US Senate resolution potentially changes Middle East dynamics
By James M. Dorsey
A draft
US Senate resolution describing Saudi policy in the Middle East as a
"wrecking ball" and Crown Prince Mohammed bin Salman as “complicit”
in the killing of journalist Jamal Khashoggi, if adopted and implemented,
potentially could change the dynamics of the region's politics and create an
initial exit from almost a decade of mayhem, conflict and bloodshed.
The six-page draft also holds Prince Mohammed accountable
for the devastating war in Yemen that has sparked one of the world’s worst
humanitarian crises, the failure to end the 17-month-old Saudi-United Arab
Emirates-led economic and diplomatic boycott of Qatar, and the jailing and
torture of Saudi dissidents and activists.
In doing so, the resolution confronts not only Prince
Mohammed's policies but also by implication those of his closest ally, UAE
crown prince Mohammed bin Zayed. The UAE was the
first country that Saudi leader visited after the Khashoggi killing.
By in effect
challenging the position of king-in-waiting Prince Mohammed, the resolution raises
the question whether some of his closest allies, including the UAE crown
prince, will in future want to be identified that closely with him.

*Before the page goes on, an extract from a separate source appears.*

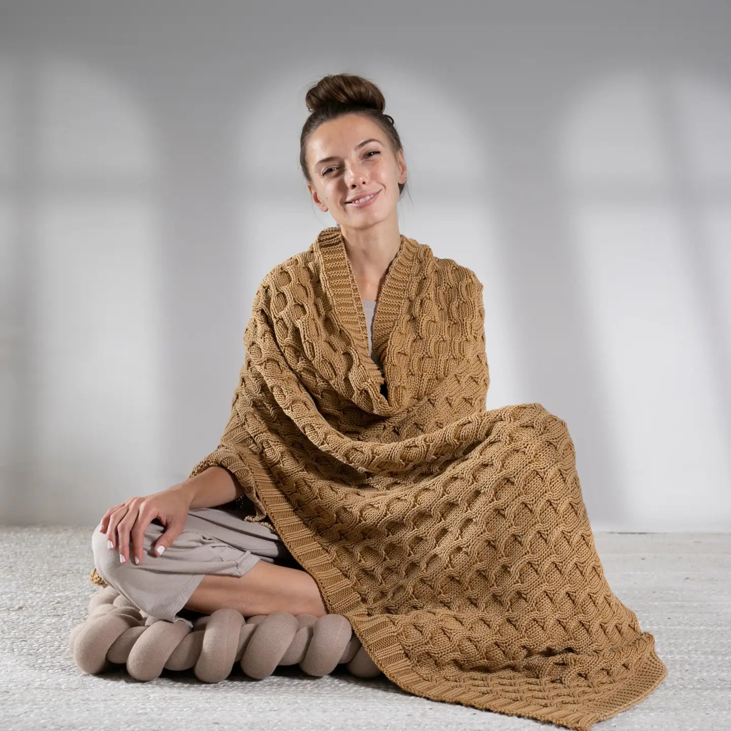 Wrap yourself in the warmth and charm of our oversized chunky knit throw. This cozy blanket, inspired by the rolling hills of Ireland, is perfect for curling up by the fireplace or snuggling on the couch. The intricate cable knit pattern adds a touch of rustic elegance to any space.

Moreover, by demanding the release of activist Raif bin
Muhammad Badawi, better known as Raif Badawi, and women's rights activists, the
resolution further the challenges fundamentals of Prince Mohammed's iron-fisted
repression of his critics, the extent of his proposed social reforms as part of
his drive to diversify and streamline the Saudi economy, and the kingdom's human
rights record.
A 34-year-old blogger who named his website Free Saudi
Liberals, Mr. Badawi was barred from travel and had his assets frozen in 2009,
arrested in 2012, and sentenced
to 10 years in prison and 1,000 lashes for insulting Islam. His sister, Samar
Badawi, a women’s rights activist, was detained earlier this year. Mr. Badawi’s
wife and children were granted asylum and citizenship in Canada.
A
diplomatic row that stunned many erupted in August when Saudi Arabia expelled
the Canadian ambassador after the foreign ministry in Ottawa demanded in a
tweet the release of Ms. Badawi and other activists.
Prince Mohammed and Saudi Arabia, even prior to introduction
of the Senate resolution, were discovering that the Khashoggi killing had
weakened the kingdom internationally and had made it more vulnerable to
pressure.
Talks
in Sweden between the Saudi-backed Yemeni government and Houthi rebels to
end the war is the most immediate consequence of the kingdom's changing
position.
So is the resolution that is unprecedented in the scope and
harshness of the criticism of a long-standing ally.
While the resolution is likely to spark initial anger among
some of Prince's Mohammed's allies, it nevertheless, if adopted and/or
implemented, could persuade some like UAE crown prince Mohammed to rethink
their fundamental strategies.
The relationship between the two Mohammeds constituted
a cornerstone of the UAE leader's strategy to achieve his political, foreign
policy and defense goals.
These include projecting the Emirates as a
guiding light of cutting-edge Arab and Muslim modernity; ensuring that the
Middle East fits the crown prince's autocratic, anti-Islamist mould; and
enabling the UAE, described
by US defense secretary Jim Mattis as 'Little Sparta,' to punch above its
weight politically, diplomatically and militarily.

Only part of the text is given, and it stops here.